Круг
Мир конечен, мир искривлен, мир замкнут, и замкнут он на Василии Михайловиче.
В шестьдесят-то лет шуба тяжела, ступени круты, а сердце днем и ночью с тобой. Шел себе и шел, с горки на горку, мимо сияющих озер, мимо светлых островов, над головой – белые птицы, под ногами – пестрые змеи, а пришел вот сюда, а очутился вот здесь; сумрачно тут и глухо, и воротник душит, и хрипло ходит кровь. Здесь – шестьдесят.
Все это, все уже. Трава тут не растет. Земля промерзла, дорога узка и камениста, а впереди светится только одна надпись: выход.
И Василий Михайлович был не согласен.
Он сидел в коридоре парикмахерской и ждал жену.
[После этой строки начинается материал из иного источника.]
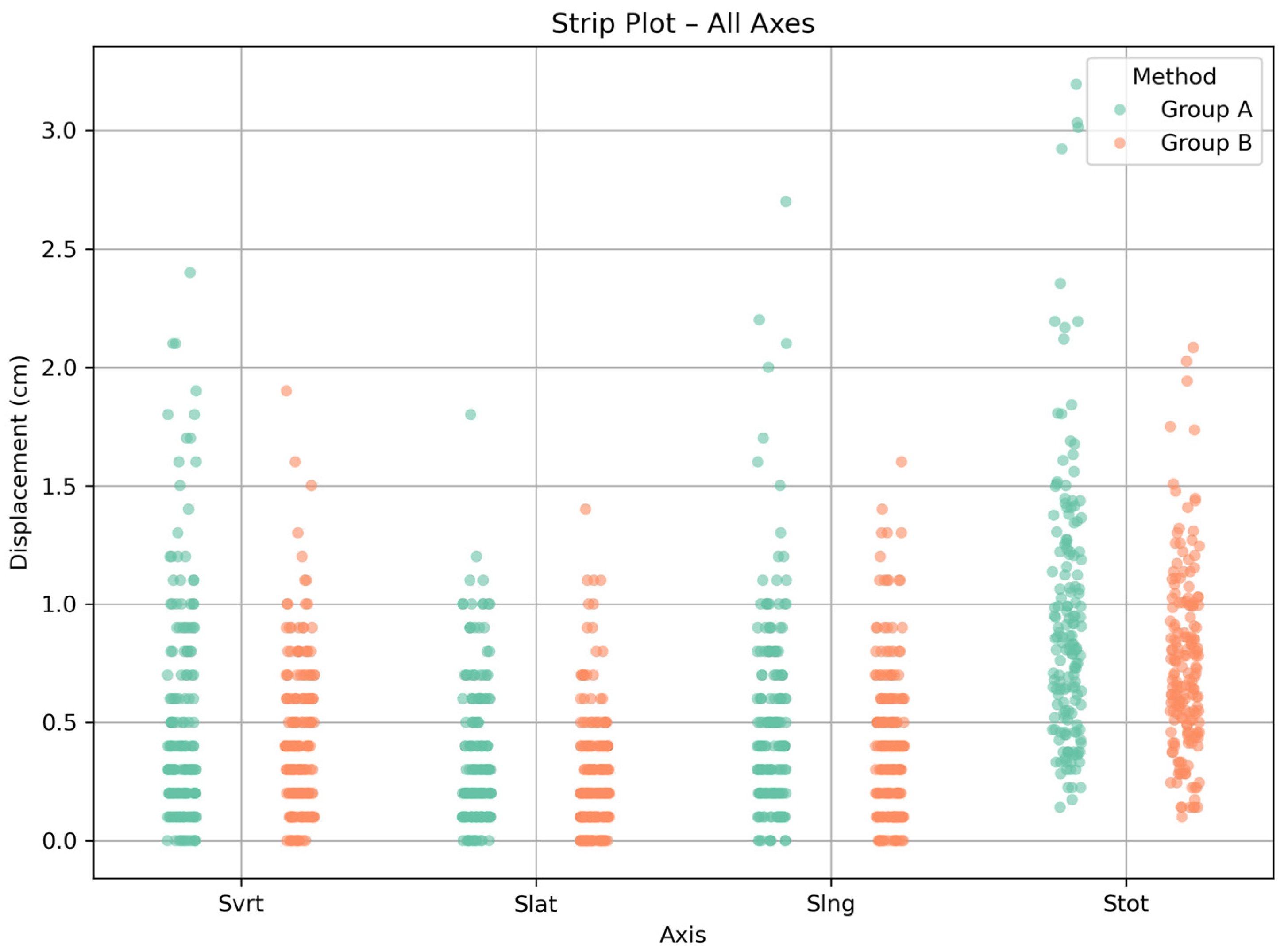 Setup Technique | Displacement | IQR (Q1, Q3) (cm) | Q1 (cm) | Q3 (cm) |

Через раскрытую дверь видна была тесная, перегороженная зеркальными барьерами зала, где три… где три его ровесницы корчились в руках могучих белокурых фурий. Можно ли назвать дамами то, что множилось в зеркалах? С возрастающим ужасом вглядывался Василий Михайлович в то, что сидело ближе к нему. Кудрявая сирена, крепко упершись ногами в пол, схватила это за голову и, оттянув ее назад, на придвинутый жестяной желоб, плеснула кипятком – взвился пар; бешено взмылила пену; снова пар, и не успел Василий Михайлович привстать и крикнуть, как она уже, навалившись, душила свою жертву белой вафельной простыней. Он перевел взгляд. В другом кресле – боже мой – к побагровевшей, очень довольной, впрочем, голове, утыканной словно бы штырями, триодами, сопротивлениями, тянулись длинные провода… В третьем кресле он, вглядевшись, узнал Евгению Ивановну и пошел в ее сторону. То, что дома казалось ее волосами, теперь съежилось, кожа обнажилась, и женщина в белом халате тыкала туда жижицей на палочке. Удушливо пахло.
– Куда в пальто!!! – крикнуло несколько голосов.
– Женя, я все-таки пока пройдусь, сделаю кружочек, – махнул рукой Василий Михайлович. С утра он чувствовал слабость в ногах, бухало сердце и хотелось пить.
В фойе в больших кастрюлях росли какие-то жесткие зеленые сабли эфесами в землю, со стен глядели фотографии небывалых существ с нехорошими намеками во взгляде, а на головах-то! – башни, торты, крученые рога, или, как на пюре в столовках, – волны. Вот одной из таких хочет быть Евгения Ивановна.
Дул холодный ветер, и мелко, сухо сыпало с неба. День был темный, пустой, короткий, вечер родился уже на рассвете. В маленьких магазинчиках ярко, уютно горел свет. На углу прилепилась крохотная, сияющая, благоуханная лавчонка, коробка с чудесами. Да разве войдешь: все навалились друг на друга, тянутся с чеками через головы, хватают маленькое что-то. Толстуху задавили в дверях, она цепляется за притолоку, ее сносит встречным потоком.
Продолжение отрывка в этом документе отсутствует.